§ Exercise prompt: Your answer must be the lines from the start of the records through the line with "Usai rapat koordinasi", exactly as written, without the pictures.
══ Supplied information
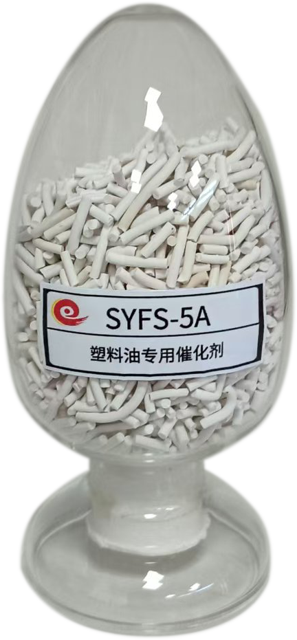 我公司针对废塑料炼制柴油的项目,研制出一种废塑料油专用催化剂,型号为SYFS-5A SYFS-5B。该催化剂能明显地提高出油的质量。而且对产物柴油的选择性高,蒸馏后,油成淡黄色,密度能达到0.79-0.82,臭味基本消除(因其对塑料中的添加剂也进行了裂解处理)。十六烷值、辛烷值高,裂解气中C2干气很少,液体收率在90%以上; 还具有降凝功效(凝点可控制在0--20℃)。
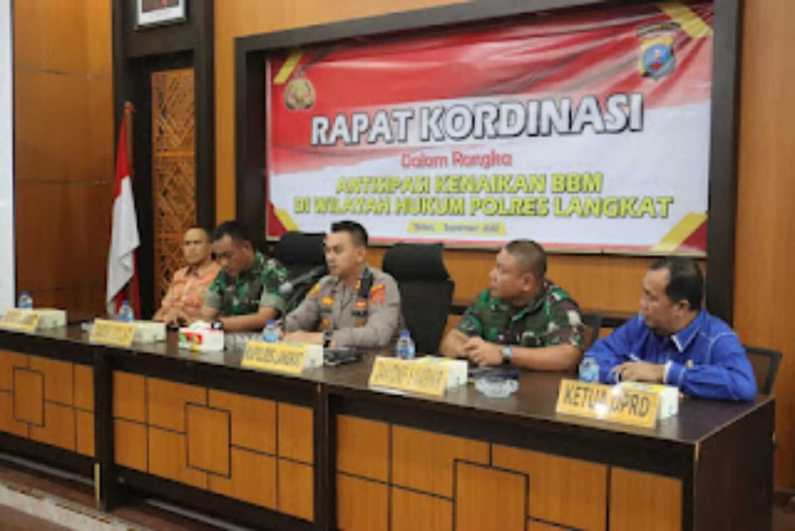 Usai rapat koordinasi Kapolres Langkat melalui Kasi Humas AKP Joko Sumpeno menyampaikan kepada wartawan bahwa sampai saat ini belum ada kabar kenaikan BBM. Pihaknya masih tetap melakukan antisipasi kenaikan, namun perlu digaris bawahi bahwa tugas pokok Polres Langkat dengan perbantuan unsur TNI serta Pemerintah Kabupaten Langkat.
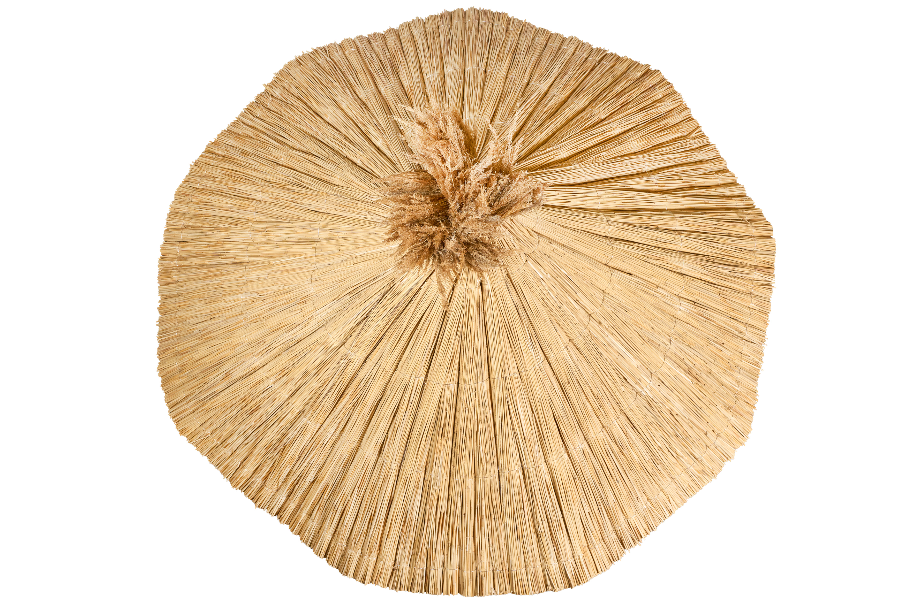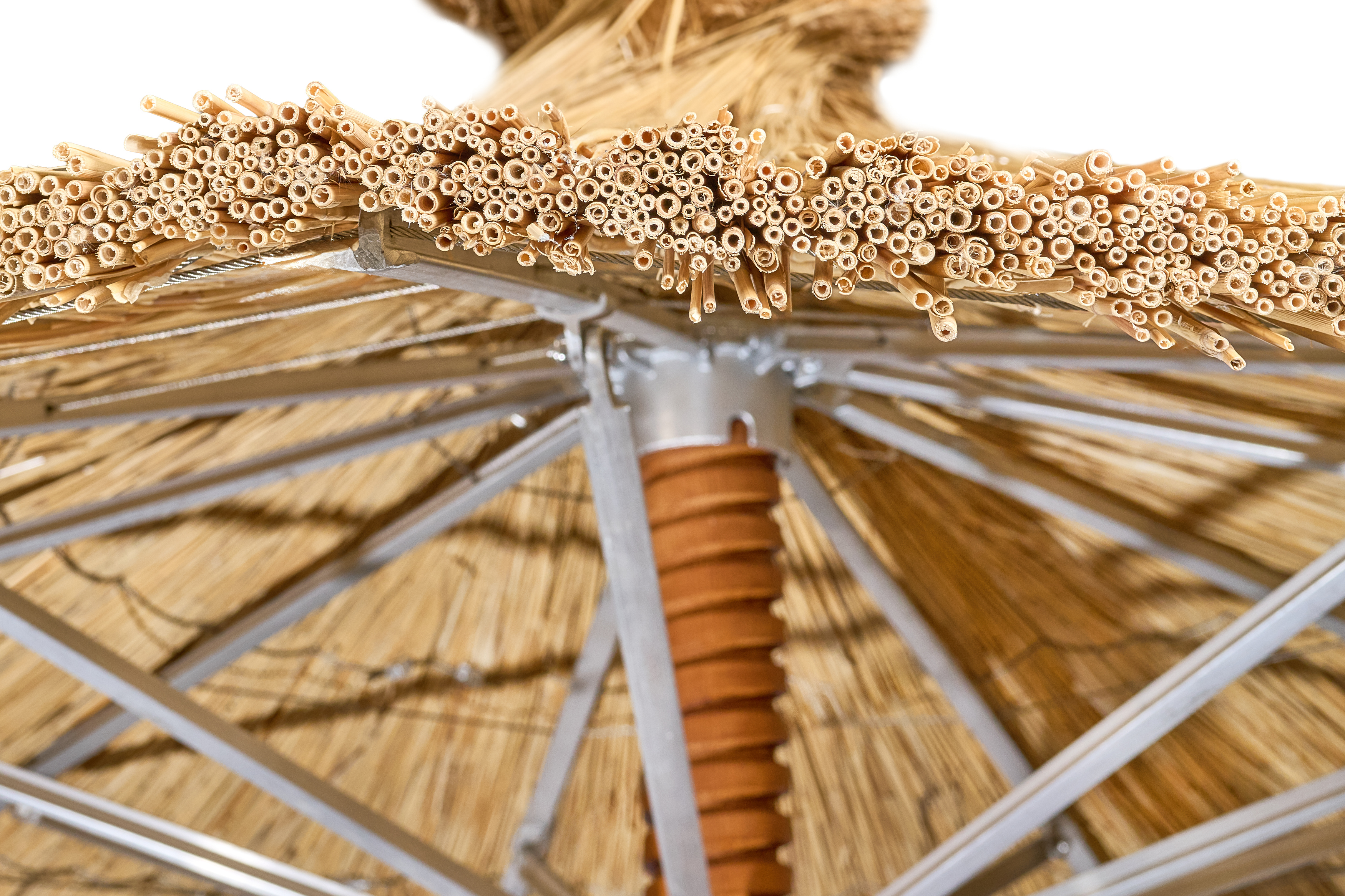 Der Sombrilla Cana Volver hat einen 10 cm starken Naturholzpfosten, ein drehbares Untergestell aus Aluminium und eine Auflage aus Schilfrohr. Der Strohschirm hat ein klassisches Design. Auffällig ist die verspielte Haube mit den gedrehten und naturbelassen Reetenden. Trotz der dichten Auflage ist der Schirm leicht in der Handhabung. Da wir mit ausgesucht hochwertigen und wetterfesten Materialien arbeiten, kann der Sonnenschirm bei Wind und Wetter draußen bleiben. So haben Sie auch bei schlechtem Wetter immer einen besonderen Anblick.
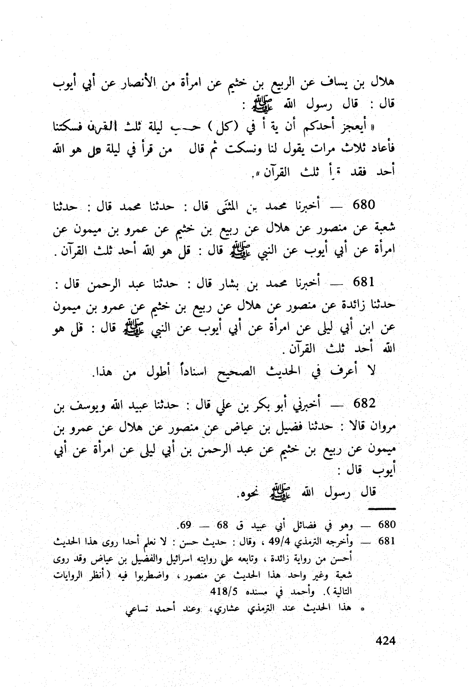 681 - أخبرنَا مُحَمَّد بن بشار قَالَ حَدثنَا عبد الرَّحْمَن قَالَ حَدثنَا زَائِدَة عَن مَنْصُور عَن هِلَال عَن ربيع بن خثيم عَن عَمْرو بن مَيْمُون عَن ابْن أبي ليلى عَن امْرَأَة عَن أبي أَيُّوب عَن النَّبِي صلى الله عَلَيْهِ وَسلم قَالَ {قل هُوَ الله اُحْدُ} ثلث الْقُرْآن
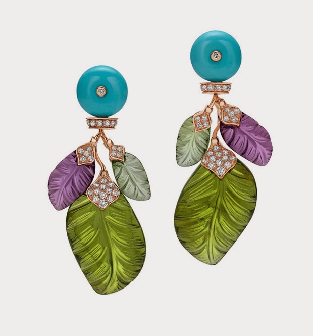 la casa italiana Bvlgari ha creado su colección Las Cuatro Estaciones a la que pertenecen estos pendientes de oro rosa con turquesas, diamantes y turmalinas, amatistas y peridotos en dos tonos verde tallados artesanalmente con forma de hojas.
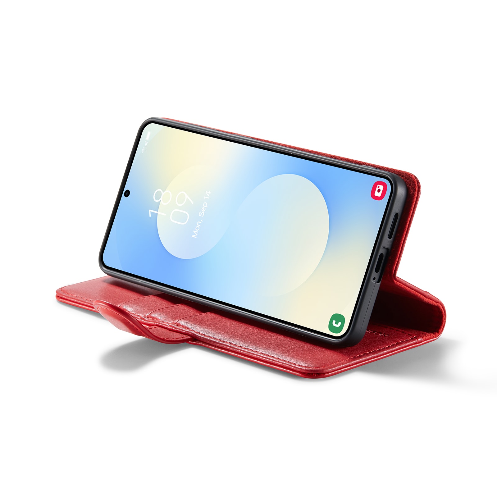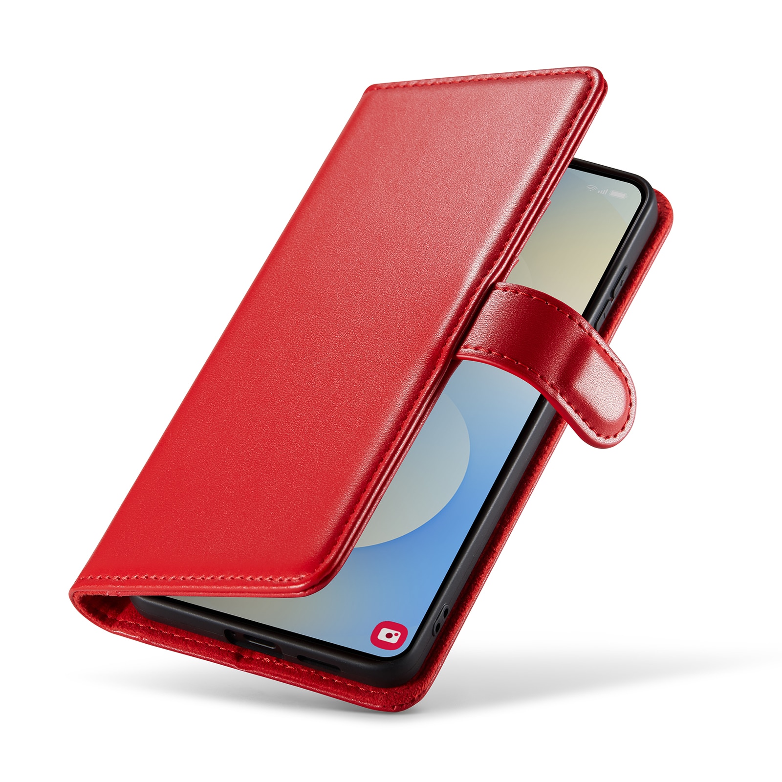 Din telefon sitter som en smäck i det inbyggda, stötdämpande TPU-skalet. Locket, som stängs med ett smart magnetspänne, skyddar både fram- och baksidan av telefonen. Inga fler skärmkrossar eller repor!
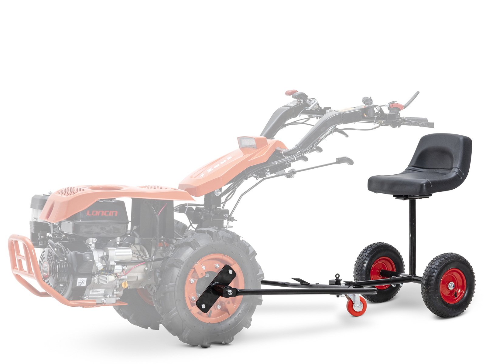 DELEKS® Carrello Sulky per motocoltivatore Zeus. Telaio con 2 ruote e sedile, da utilizzare con il motocoltivatore in assetto frontale con trinciatrice o spazzaneve.
════
§ Your solution:
 我公司针对废塑料炼制柴油的项目,研制出一种废塑料油专用催化剂,型号为SYFS-5A SYFS-5B。该催化剂能明显地提高出油的质量。而且对产物柴油的选择性高,蒸馏后,油成淡黄色,密度能达到0.79-0.82,臭味基本消除(因其对塑料中的添加剂也进行了裂解处理)。十六烷值、辛烷值高,裂解气中C2干气很少,液体收率在90%以上; 还具有降凝功效(凝点可控制在0--20℃)。
 Usai rapat koordinasi Kapolres Langkat melalui Kasi Humas AKP Joko Sumpeno menyampaikan kepada wartawan bahwa sampai saat ini belum ada kabar kenaikan BBM. Pihaknya masih tetap melakukan antisipasi kenaikan, namun perlu digaris bawahi bahwa tugas pokok Polres Langkat dengan perbantuan unsur TNI serta Pemerintah Kabupaten Langkat.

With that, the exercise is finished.